It is important to note that the respiratory microbiome of the blue whales analysed in our study harboured bacteria that are commonly found in the oropharynx, nasopharynx and the mouth of different terrestrial mammals (German and Palmer, 2006; Guglielmetti et al., 2010) in which those anatomical structures are interconnected in the upper respiratory tract. In contrast, cetaceans have no anatomical connection between the nasopharynx and the mouth (Apprill et al., 2017; Smith et al., 2017). This finding constitutes strong evidence that the core microbiome that we have described belongs to the respiratory system of blue whales and does not include their oral bacteria.
Given the current state of our oceans, which face habitat degradation, pollution, and other anthropogenic stressors (Melcón et al., 2012; Mouton and Botha, 2012; Palmer et al., 2022), suboptimal immune responses can occur in top-predator marine animals (Acevedo-Whitehouse and Duffus, 2009; Van Bressem et al., 2009; Hall et al., 2018), in turn increasing the risk of diseases in their populations (e.g. Sós et al., 2013; Van Bressem et al., 2014; Reisfeld et al., 2019). In this sense, it is important to strengthen and expand efforts for health assessment of their populations (Gulland and Hall, 2007), efforts which to date include the determination of body condition by photogrammetry and measures of blubber thickness (e.g.

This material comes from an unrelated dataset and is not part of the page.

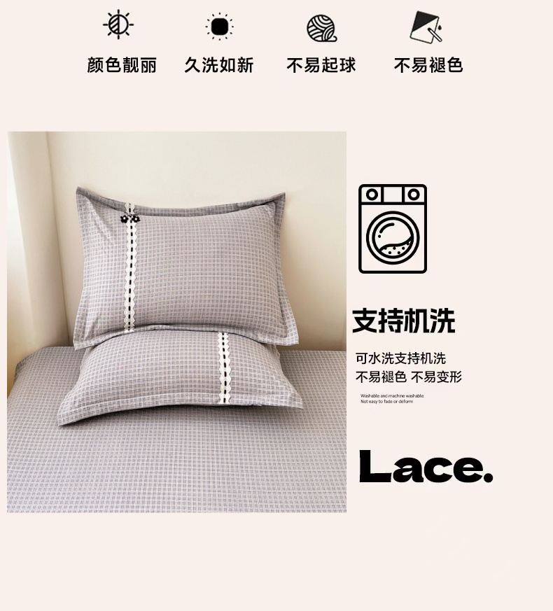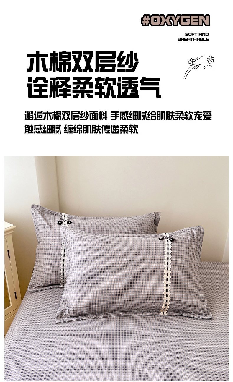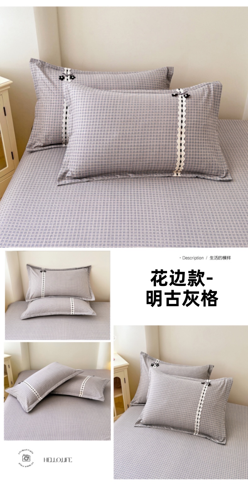 商品名称:梦舒羽 2025新款双层纱蕾丝花边格子枕套宿舍单人枕芯套内胆套一对装 明古灰格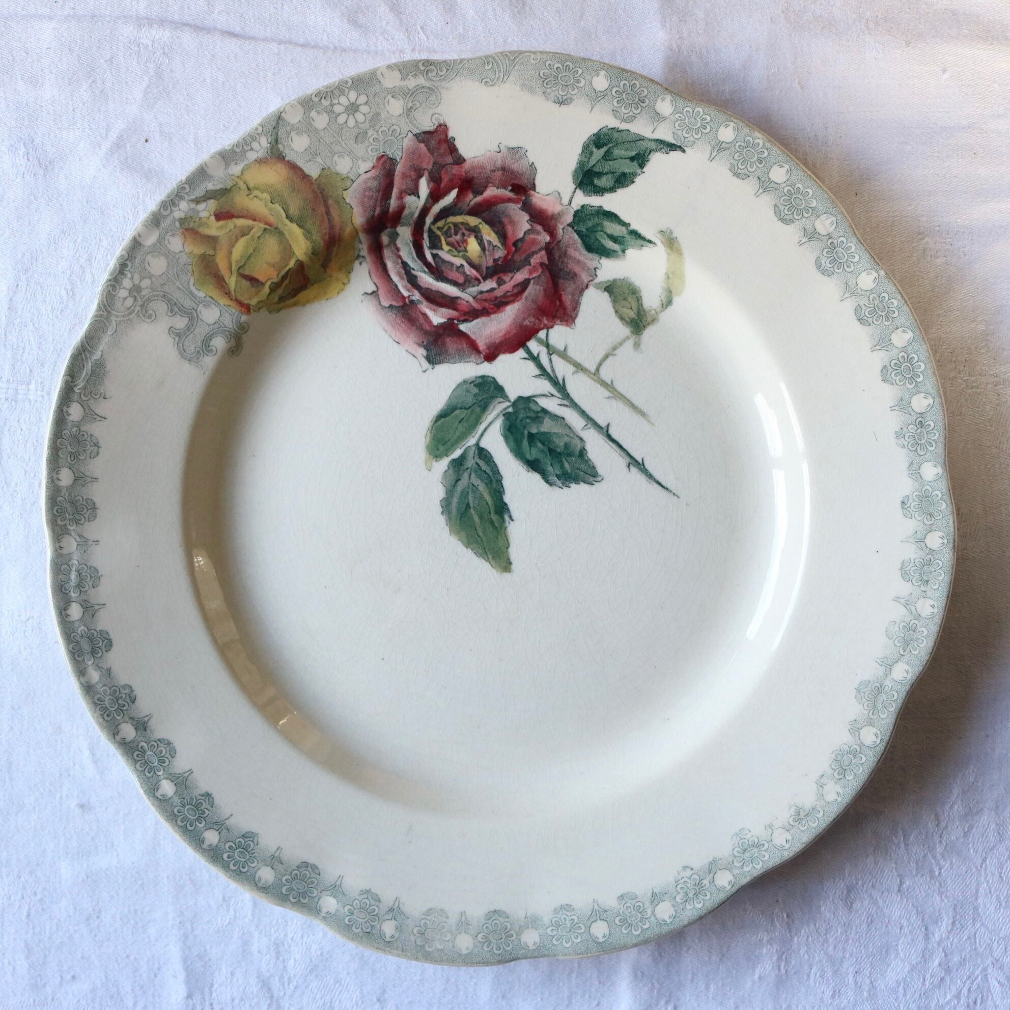 Émile bourgeois 薔薇 多彩刷り プレート フランス アンティーク ボタニカル

Pettis et al., 2004; Konishi et al., 2008; Bradford et al., 2012; Durban et al., 2016), evaluation of skin integrity (Van Bressem et al., 2015), and quantitation of specific gene transcripts in the skin (Simond et al., 2019). In order to use the respiratory microbiome as a tool to help assess the health of large whales (Apprill et al., 2017; Rhodes et al., 2022), it is imperative to first increase our understanding of the core microbiome of the respiratory tract of different species, which is what our study has done for the Eastern North Pacific blue whale.
Conclusion
Ours is the first study to characterize the microbiome of the respiratory tract in blue whales. We found that the blue whales sampled in the Gulf of California harboured a similar respiratory bacterial composition among individuals. Additionally, our richness and relative abundance results are comparable with those reported in the microbiome of healthy animals and humans, so we propose that the core respiratory microbiome identified here could be used as a baseline for future long-term studies aimed at identifying shifts in the composition and co-occurrence patterns of the respiratory microbiome and identify ASVs related to changes in body condition, as a proxy for poor health condition.
Materials and Methods
Sample collection
Using a small Phantom 3(r) quadracopter drone (DJI Innovations, China) with floaters and sterile Petri dishes (Domínguez-Sánchez et al., 2018), we collected 17 blow samples from 17 individual blue whales sampled between February and March of 2016 and 2017 in Loreto Bay National Park (25°51’51’’N, 111°07’18’’O) within the Gulf of California, Mexico. The number of sampled whales represents 17% of the estimated 100 blue whales that reside during winter/spring in the southwestern Gulf of California (mark-recapture data from 1994-2006; Ugalde de la Cruz, 2006; SEMARNAT, 2018).
Each whale was photo-identified prior to collecting the samples (Gendron and Ugalde de la Cruz, 2012). The approach to the whale with the drone was made from the caudal fin heading towards the head to minimize disturbance and sampling was conducted at a height between 3 to 4 m above the blowhole (Domínguez-Sánchez et al., 2018).
For each sample, the blow droplets were swabbed directly from the Petri dish using sterile cotton-tipped swabs. These were then transferred to a sterile 1.5 mL cryogenic microtube containing 500 μL of 96% molecular grade ethanol and kept frozen in a liquid nitrogen container until processing.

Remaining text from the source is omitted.